Editorial License

Rob Hammerton, music educator etc.

Only the Sith Deal in Absolutes

I try to be very stingy with my definitive, non-negotiable statements about things.

Not because I’m a flaming liberal who revels in situational ethics and never wants to declare that things are utterly right or utterly wrong.  Not because one of my nicknames for myself is Captain Conflict Avoidance.  Not because I want to try and understand how the other guy thinks, just in case I might learn something from someone else’s viewpoint.  None of those reasons.

But, on occasion, I am forced to admit that there are indeed things that are utterly, desperately wrong.

I bumped into one this afternoon.

 

Driving home from school, I looked at the sky and decided, “it just might not rain after all.” And, “it has to be at least 68 degrees out.” Seventy-two, said the bank signboard. And, “the work I have to do … can wait for half an hour.”

So I overshot the turn that led to my house, and instead headed north to my favorite little driving range. The bag of clubs came out of the trunk, I laid down my five bucks for a bucket of defenseless little golf balls, and I headed to the extreme far end of the line of golf tee/mat things, so that no one could see me take my hacks.

Behind that particular driving range, there are a line of houses. From one of those houses emerged sounds that for anyone would be annoying, but for a music teacher – this one! – they went well beyond that.

Here was the situation: middle-school-aged boy (MSAB) was playing a syncopated series of notes – I wouldn’t call it a melody, exactly – on a tenor saxophone. No alto can make those kinds of sounds, and you want to trust a tenor guy on that. MSAB was playing them as loudly as possible given the size of his adolescent lungs. Therefore they were not pretty, they were closer to wild goose noises than musical notes, and they were interfering with my concentration somethin’ fierce. But that wasn’t why I was made to think of an absolute rule.

About every time MSAB would create these sounds, in reply came screams from, I believe, MSAB’s younger sister. The screams were to the effect of, “please cease and desist; you’re just doing that to annoy me and keep me from being able to play quietly with my friend here; please explain what we did to deserve this?”

While I never want to be accused of telling someone not to play their instrument anymore – I am a music teacher, and it’s not in my best interest to tell a kid he needs to put the thing down – I did make up this rule:

If you ever use your musical instrument as a weapon, to intentionally antagonize someone, in the manner it was being done this afternoon … you should have your playing license revoked on the spot. No discussion. No appeal. You’re not a musician anymore; you’re a terrorist.

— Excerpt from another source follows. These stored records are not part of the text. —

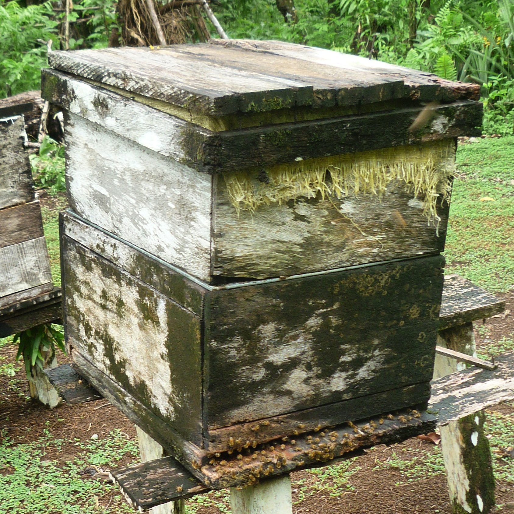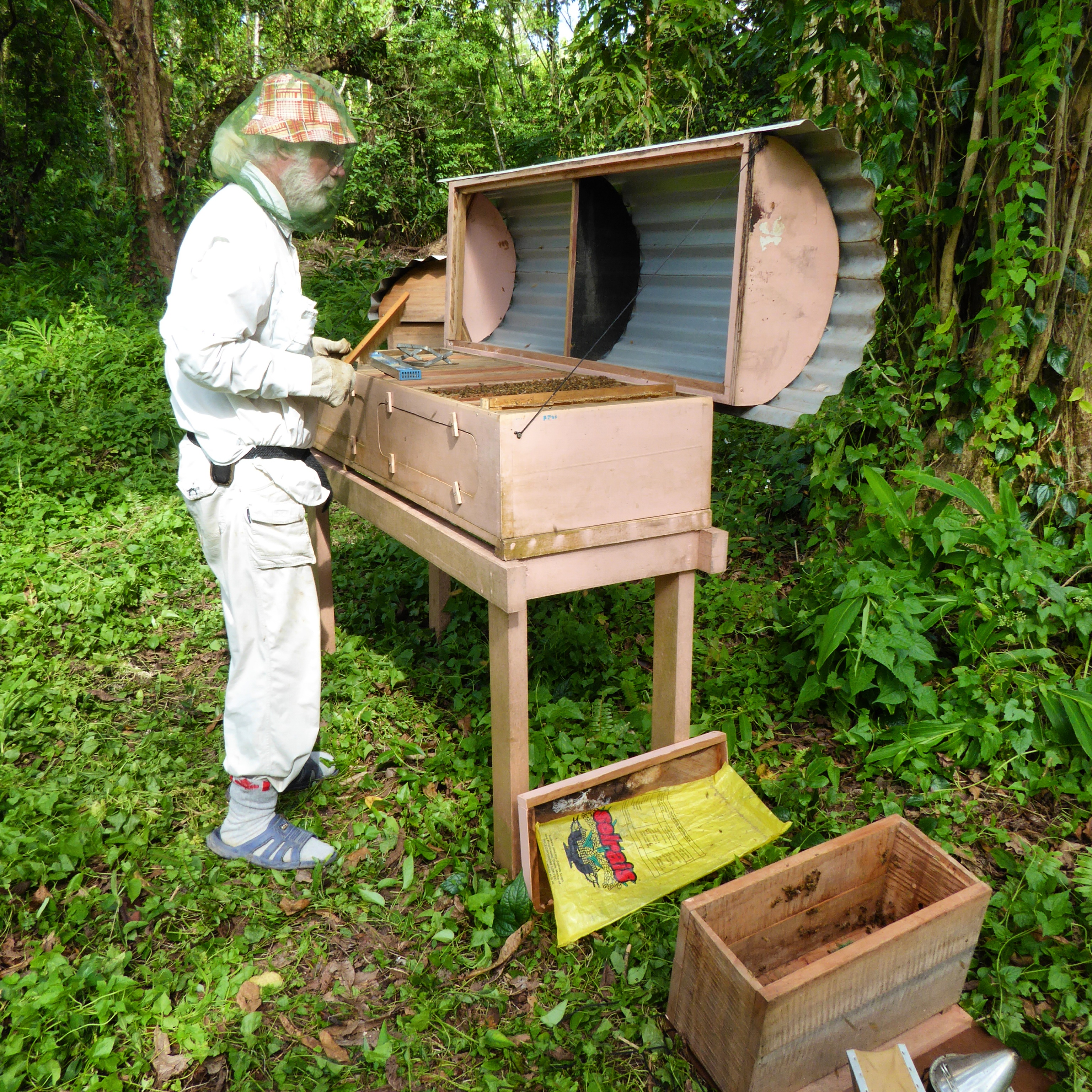 A local man had a couple of hives in his backyard that over looked the anchorage. His property was more or less just a well maintained garden brimming with budding trees, pineapple plants and tropical flowers nestled into rolling hillside covered in wild forest. His English wasn’t great but I gathered that his two hives yielded about 5 gallons of honey when he harvested every 3- 4 months.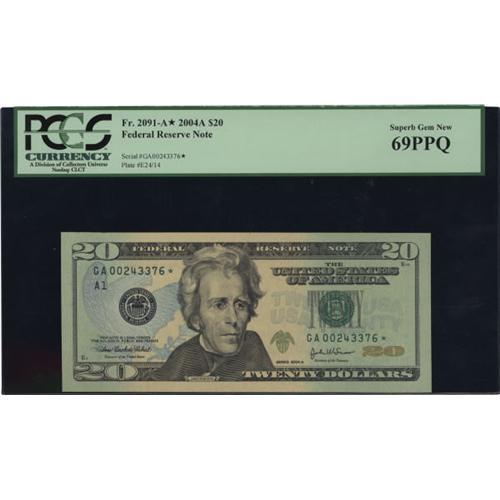 <B>Fr. 2091-A* $20 2004A Federal Reserve Note. PCGS Superb Gem New 69PPQ.</B></I><BR> This replacement is perfectly printed, well embossed, and boasts a near-perfect grade.<BR><BR><b>Shipping:</b> Coins & Currency (<a target="_blank" href="http://www.heritageauctions.com/common/shipping.php">view shipping information</a>)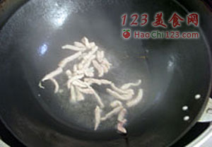 1、起油锅,放入肉丝煸炒。
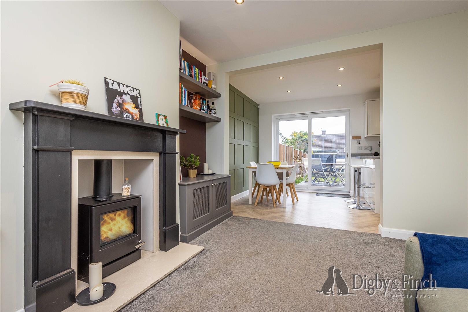 To the front of the property, the living area is clearly defined by a change in flooring to soft carpet, giving the space a cosy and inviting feel. A feature electric log burner set on a stone hearth within the chimney breast provides a charming focal point, while bespoke low-level fitted cabinetry on either side offers excellent storage and a practical space for media equipment. Shutters to the front window complete this beautifully designed room.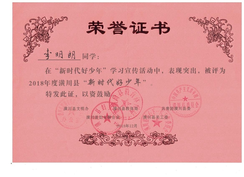 李明朗荣誉证书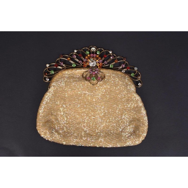 From the 1970's this evening bag has been covered in sparkling mother of pearl bugle beads. The clasp is embellished with paste jewels, lined in cream satin. Labelled 'Butler and Wilson'. 9" x 8.5" (1)
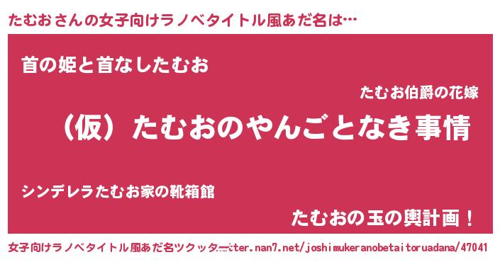 | ヒーロー風カッコイイあだ名 | 『スーパータムオ』『ウルトラたむおマン』 |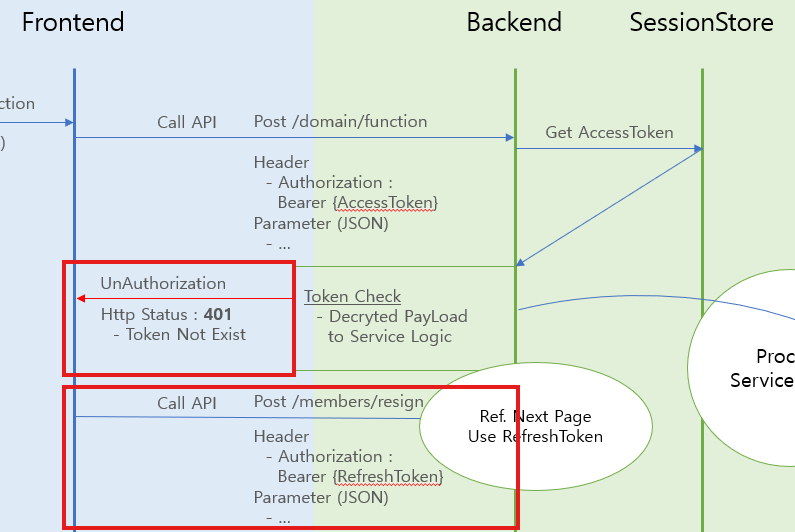 3계층 구조의 서버환경에서 AccessToken 운용법을 정리한다.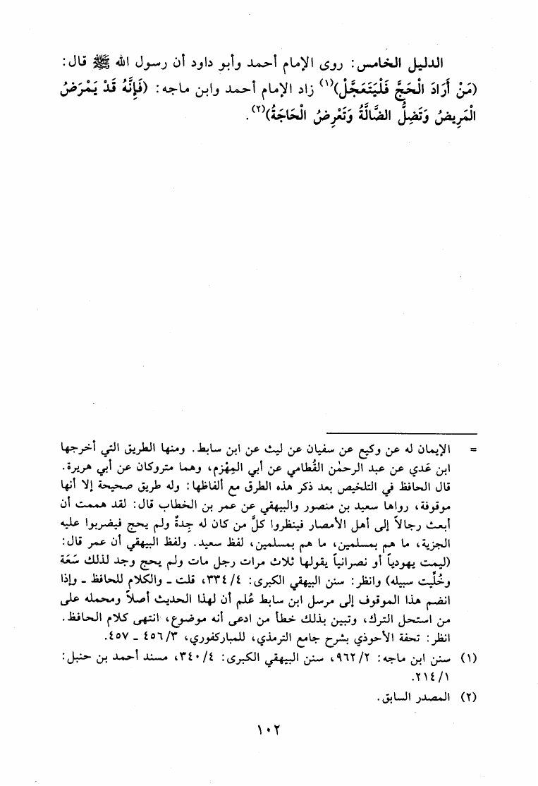 نام کتاب : فقه عطاء بن أبي رباح في المناسك مقارنة بينه وبين فقه الصحابة والتابعين وأصحاب المذاهب نویسنده : محمد بن عبد العزيز اللحيدان جلد : 1 صفحه : 102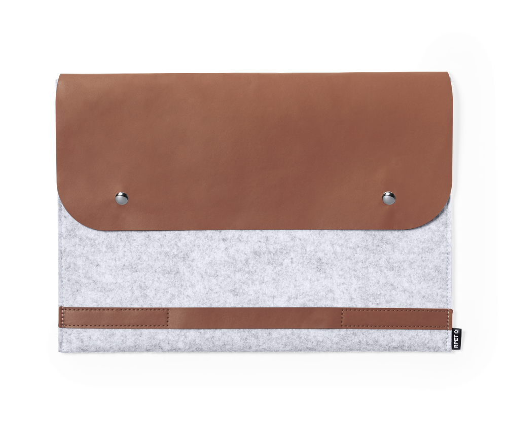 Nature line, genuine and soft computer case, made of resistant Felt RPET. Main compartment with brown PU leather flap and clasp fastenings. Matching color PU leather strap at the base, with handle function. For laptops or tablets up to 14 inches. RPET label outside.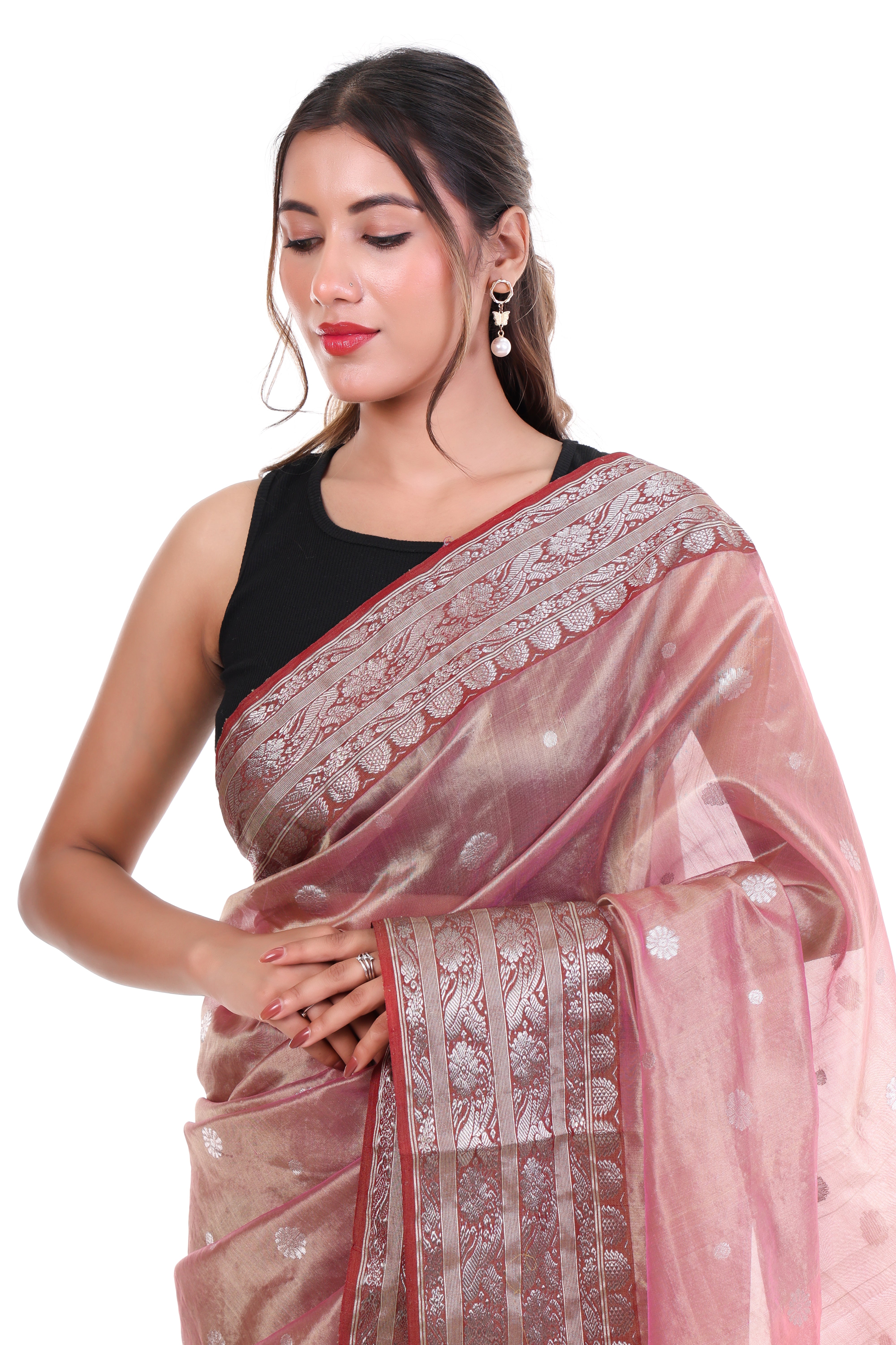 This pure silk Chanderi handloom saree dazzles in a muted rose-pink tone shot through with silver-grey, creating an ever-changing iridescence as light plays across its surface. Woven with intricate silver zari motifs all over the body and framed by a broad floral zari border, the luxe pallu cascades in shifting hues that glow from soft blush to metallic sheen—perfect for evening gatherings or grand celebrations.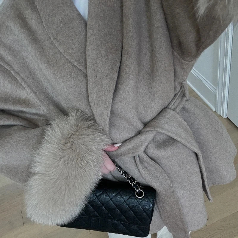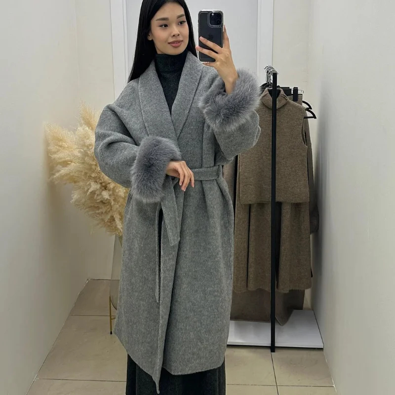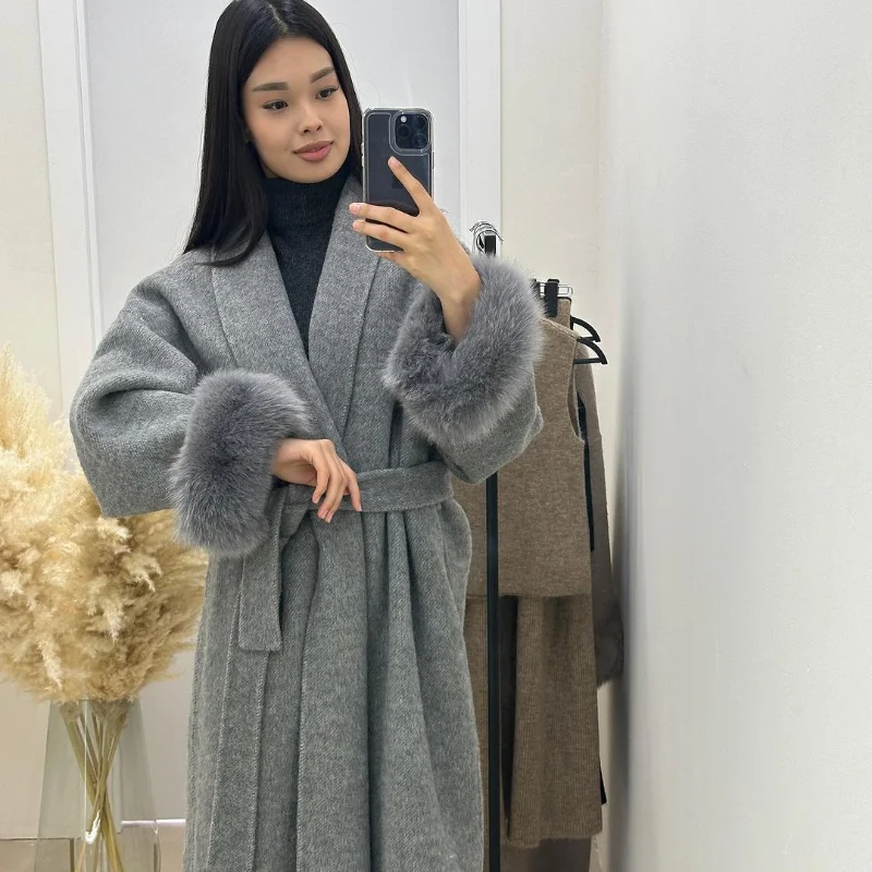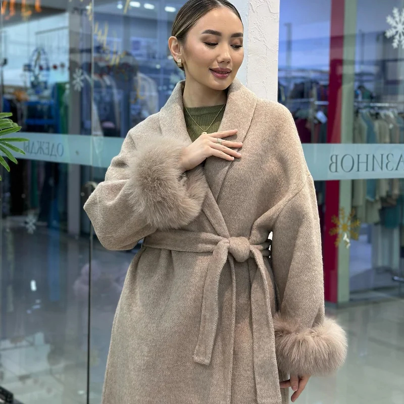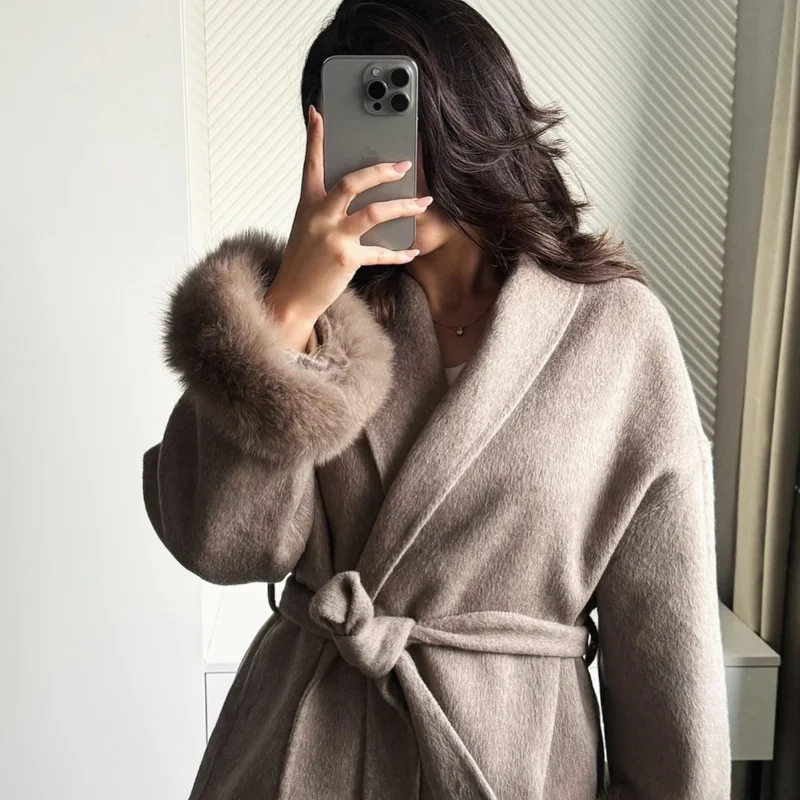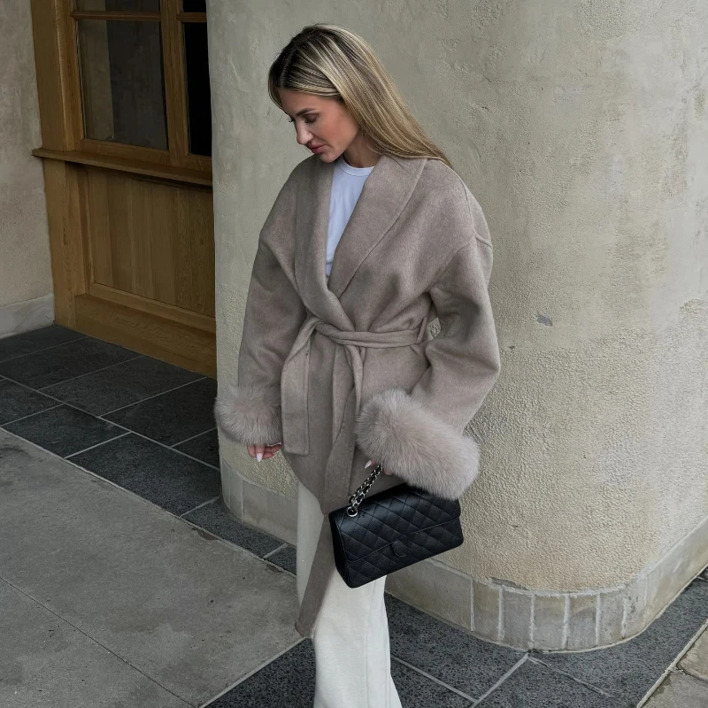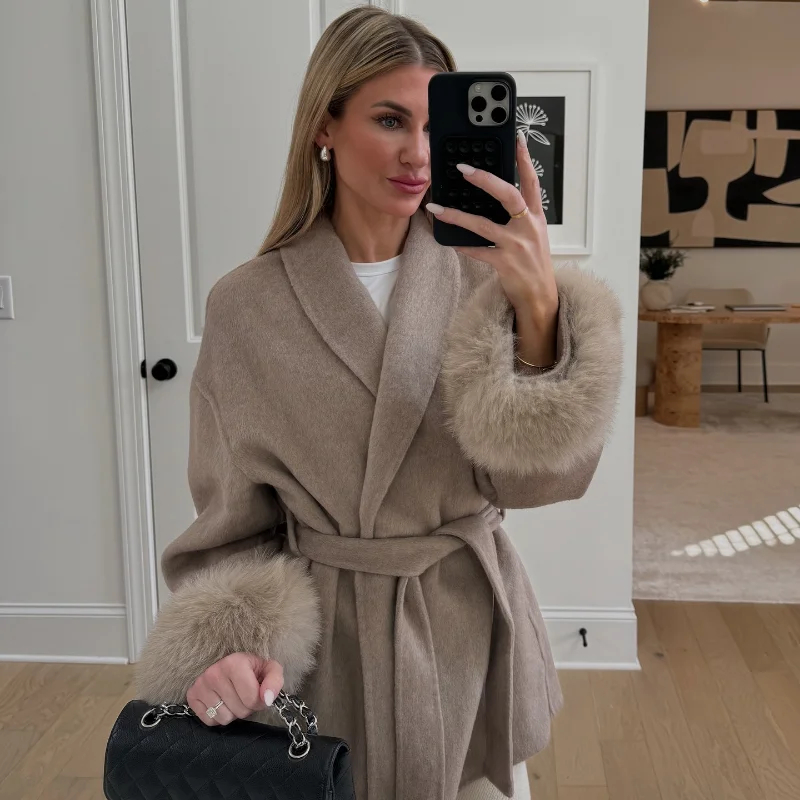 Description: This fur-cuff belted wool-blend coat is a versatile staple for your wardrobe. Made of soft, warm fabric, it combines coziness with glamorous design—featuring a adjustable belt that flatters your figure. Suitable for daily wear, work commutes, or casual gatherings, it transitions effortlessly between styles with simple accessory swaps. Stay comfortable and fashionable in this sleek piece that balances timeless charm with contemporary sophistication.

(So go find some other hobby that will annoy people less. Like blowing your car horn to encourage someone to come out’ the house – at 1:30 in the morning. Or sitting in a library clicking a ballpoint pen over and over again. Or demanding to see the manager when there are ten people waiting in line behind you. Or getting into politics. Something soft ‘n’ fluffy like that.)

Because that’s not what that thing is for.

Even if it is school-owned.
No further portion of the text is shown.